William shifted a little, sending a hot blaze of pain through his arm, and clenched his teeth, not to make any noise.
“Do the men—did you, I should say—think how you would do, yourself?” he asked quietly. “If you could stand it?”
“Every man thinks that.” Murray got up abruptly and went to the far edge of the clearing. William heard him make water, but it was some minutes longer before he came back.
The dog wakened suddenly, head lifting, and wagged its huge tail slowly to and fro at sight of its master. Murray laughed softly and said something in an odd tongue—Mohawk? Erse?—to the dog, then bent and ripped a haunch from the muskrat’s remains, tossing it to the beast. The animal rose like lightning, its teeth snapping shut on the carcass, then trotted happily to the far side of the fire and lay down, licking its prize.
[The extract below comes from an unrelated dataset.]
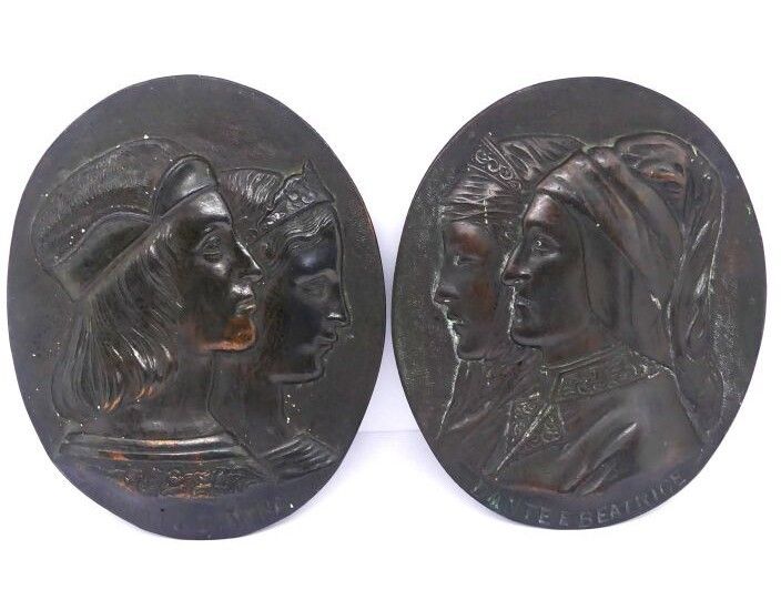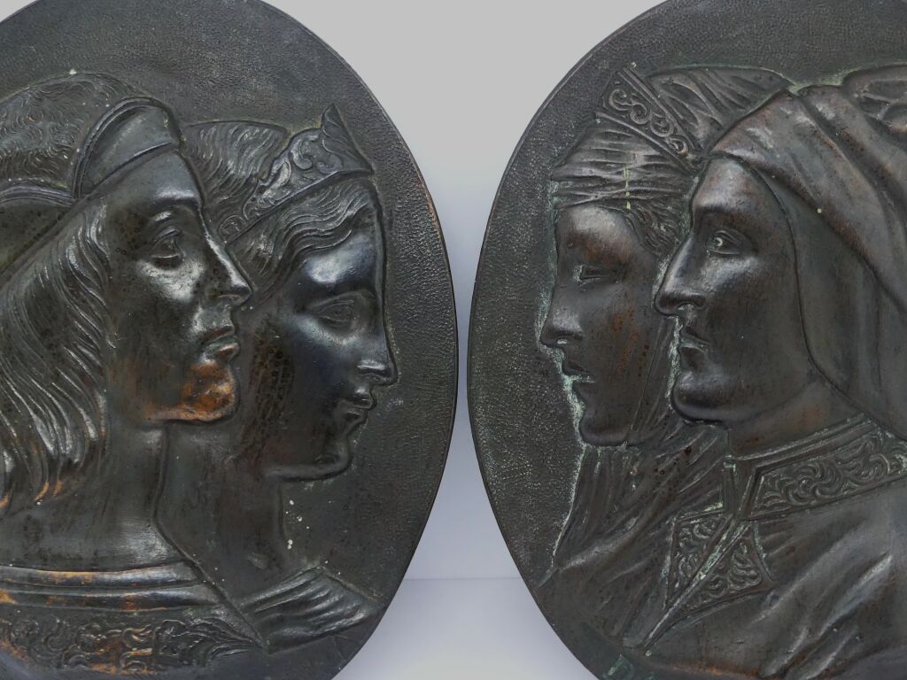 Pair of bronze medallions "Raffaello e Fornarina" and "Dante e Beatrice" 14 x 11 cm

Bereft of his bed companion, William lay down gingerly, head pillowed on his good arm, and watched as Murray cleaned his knife, scrubbing blood and grease from it with handfuls of grass.
“You said you sing your death song. What sort of song is that?”
Murray looked nonplused at that.
“I mean,” William fumbled for clearer meaning, “what sort of thing would you—would one—say in a death song?”
“Oh.” The Scotsman looked down at his hands, the long knobbed fingers rubbing slowly down the length of the blade. “I’ve only heard the one, mind. The other two I saw die that way—they were white men and didna have death songs, as such. The Indian—he was an Onondaga—he… well, there was a good deal in the beginning about who he was: a warrior of what people, I mean, and his clan, his family. Then quite a bit about how much he despised u—the folk who were about to kill him.” Murray cleared his throat.